The data set ‘sim_nqc_data’ contains 100 observations and 14 artificial variables with some not well formatted or missing values. The data is complete artificial and was not used for training or validation of the random forest model.
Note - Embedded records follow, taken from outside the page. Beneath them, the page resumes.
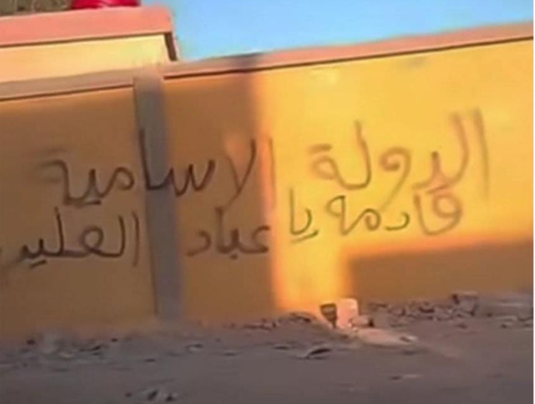 شهدت مدينة البوكمال في ريف دير الزور الشرقي اليوم ظهور عبارات تهديدية جديدة على جدار إحدى المدارس، خطّها مجهولون يُرجّح انتماؤهم إلى خلايا تنظيم "الدولة الإسلامية"، تضمنت نصوصاً مثل: "الدولة الإسلامية قادمة يا عباد الصليب". وتعدّ منطقة دير الزور، سواء في المناطق الخاضعة لسيطرة الحكومة السورية المؤقتة أو لقوات سوريا الديمقراطية، من أكثر المناطق نشاطاً للتنظيم، حيث يشنّ عمليات مفاجئة تستهدف العسكريين والمدنيين على حد سواء، بهدف بث الفوضى وزعزعة الأمن والاستقرار المحلي.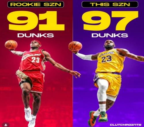 美媒Crazy Stats点评表示:“享受这神级表演吧,你很难想象,跨越22年光阴,41岁的詹姆斯,单季扣篮数超越19岁初入联盟的自己。出场更少、年龄更大,空中统治力不降反升,这不是单纯的状态维持,是违背年龄规律的竞技奇迹。”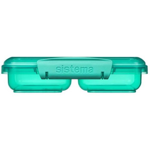 Uzsonnás doboz - osztott, gyerek, űrtartalma 0,35 l, mérete 4,2 × 11,5 × 17,5 cm (Ma×Sz×Mé), fedél klippes rögzítéssel, alkalmas mosogatógépbe, mikrohullámú sütőbe és fagyasztóba, anyaga műanyag, zöld kivitel A praktikus SISTEMA uzsonnás doboz szilárd lezárású kapcsokkal védi a tartalmát, és teljes 0,35 l térfogatú. A beépített belső elválasztó segít elválasztani az egyes ételeket. Alkalmas mikrohullámú sü

id | visit | sex | age | byear | decades | bmi | med | date | loct | group | crp | bnp | comms |
---|---|---|---|---|---|---|---|---|---|---|---|---|---|
1 | 1 | Men | 55 | 1966 | 55-64 | 28 | 0 | 2016/12/03 | NA | 4 | 1.78 | >300 | |
2 | NULL | Women | NULL | 1979 | NULL | NULL | 0 | 2016-07-06 | NA | NULL | kM | kM | no material available |
3 | 1 | Men | 49 | 1972 | 45-54 | 29 | 0 | 2015-09-16 | NA | 2 | 2.002 | <1.5 | |
4 | 1 | Women | 73 | 1948 | 65-75 | 25.5 | 1 | 2016-xx-xx | NA | 1 | 1.332 | 3.4 | |
5 | 1 | Women | 49 | 1972 | 45-54 | 24 | 0 | 2017-08-03 | NA | 2 | <0.2 | 2.1 | . |
6 | 1 | Men | 70 | 9999 | 65-75 | 28 | 0 | 2018-03-30 | NA | 2 | 3.157 | 5.6 | |
7 | 1 | 71 | 1950 | 65-75 | 32 | 0 | NA | 4 | 4.203 | <1.5 | nd | ||
8 | 1 | Women | 55 | 1966 | 55-64 | 27 | 0 | 2016/12/04 | NA | 2 | 0.619 | 3.1 | |
9 | 1 | Men | 46 | 1975 | 45-54 | 31 | 0 | 2016-06-26 | NA | 2 | 9.866 | 7.2 | |
10 | 1 | Men | 32 | 1989 | 25-34 | 24 | NA | 2018-05-08 | NA | 3 | NA | <1.5 | Lab problems |
11 | 1 | Women | 72 | 1949 | 65-75 | 29 | 0 | 2017-08-12 | NA | 4 | 0.352 | <1.5 | |
12 | 1 | Men | 40 | 1981 | 35-44 | 31 | 1 | 2016-11-27 | NA | 2 | 1.28 | <1.5 | |
13 | 1 | Men | 28 | 1993 | 25-34 | 0 | 0 | 2017-12-28 | NA | 3 | 1.073 | <1.5 | |
14 | 1 | Men | 72 | 1949 | 65-75 | 29 | 0 | 2015-09-18 | NA | 1 | 0.227 | <1.5 | |
17 | 1 | Men | 61 | 1960 | 55-64 | 27 | 0 | 2017-10-06 | NA | 2 | 5.113 | 5.5 | |
18 | 1 | Women | NA | NA | NA | 26 | 0 | NA | 5 | 0.508 | <1.5 | na | |
19 | 1 | Men | 52 | 1969 | 45-54 | 26 | 1 | 2018-01-10 | NA | 3 | 0.231 | 1.5 | |
20 | 1 | Men | 73 | 1948 | 65-75 | 29 | 1 | 2017-03-02 | NA | 4 | 0.975 | <1.5 | |
21 | 1 | Men | 54 | 1967 | 45-54 | 26 | 0 | 2016-05-27 | NA | 2 | 3.38 | <1.5 | |
22 | 1 | Women | NA | 9999 | NULL | 28 | 0 | 2017-12-11 | NA | 3 | 0.437 | <1.5 | no birth date |
The application is straightforward, it requires data in data.frame
format. It is important that all unusual missing values in the data,
e.g. the code 9999 for missing values are covered. Values as NA, NaN,
Inf, NULL and spaces are automatic considered as invalid (missing)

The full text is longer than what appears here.